-- Information given follows --

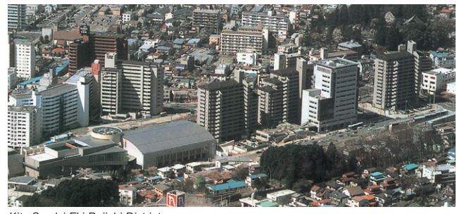
Kita-Sendai Eki Dalichi District

e.g. Chuo 1-chome District, Kita-Sendai Eki Daiichi District, Nagamachi 7-chome Nishi District
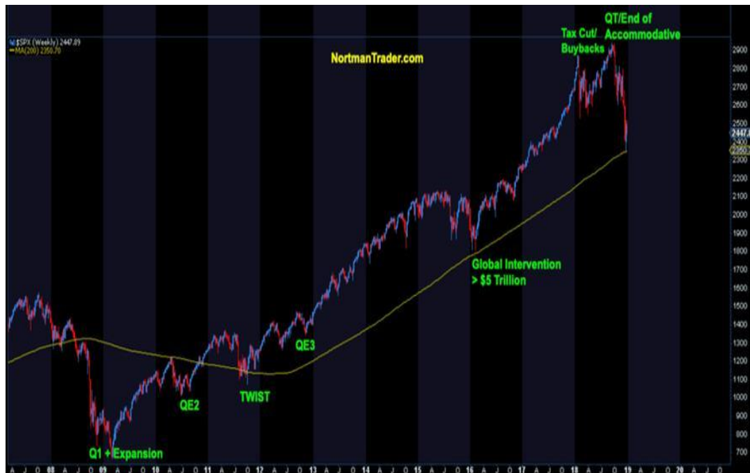
Exhibit E: The prosecution presents a full picture of all central-bank stock salvation:

The Fed may claim that it does not attempt to rescue markets and that it looks only at economic indicators, yet somehow every time the market took a major plunge in the graph above, the Fed was instantly on the scene with a new invention of monetary stimulus in massive doses. Of course, “correlation is not causation.” Correlation is pretty interesting, though, especially when it happens at every plunge, except the one at the top that is plunging much further than any other time on this graph ... because one thing IS different: No one is stepping in with salvation this time.
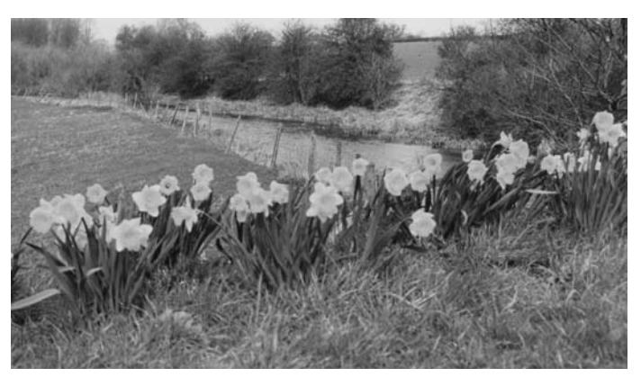
The Ver from Blue House Hill - (Bob Aldritt)
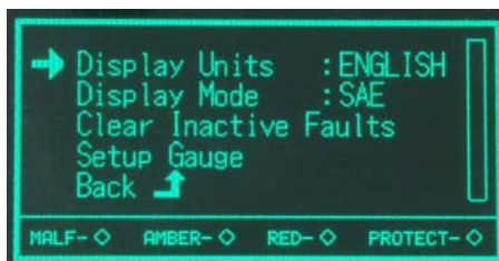
Figure 11. Other Options

The options that are shown in Figure 11 are:

-- Information given concluded --

* [Task objective] The whole listing should be retyped word for word; none of its pictures belong in the copy.

* [Task answer]
Kita-Sendai Eki Dalichi District

e.g. Chuo 1-chome District, Kita-Sendai Eki Daiichi District, Nagamachi 7-chome Nishi District
Exhibit E: The prosecution presents a full picture of all central-bank stock salvation:

The Fed may claim that it does not attempt to rescue markets and that it looks only at economic indicators, yet somehow every time the market took a major plunge in the graph above, the Fed was instantly on the scene with a new invention of monetary stimulus in massive doses. Of course, “correlation is not causation.” Correlation is pretty interesting, though, especially when it happens at every plunge, except the one at the top that is plunging much further than any other time on this graph ... because one thing IS different: No one is stepping in with salvation this time.
The Ver from Blue House Hill - (Bob Aldritt)
Figure 11. Other Options

The options that are shown in Figure 11 are:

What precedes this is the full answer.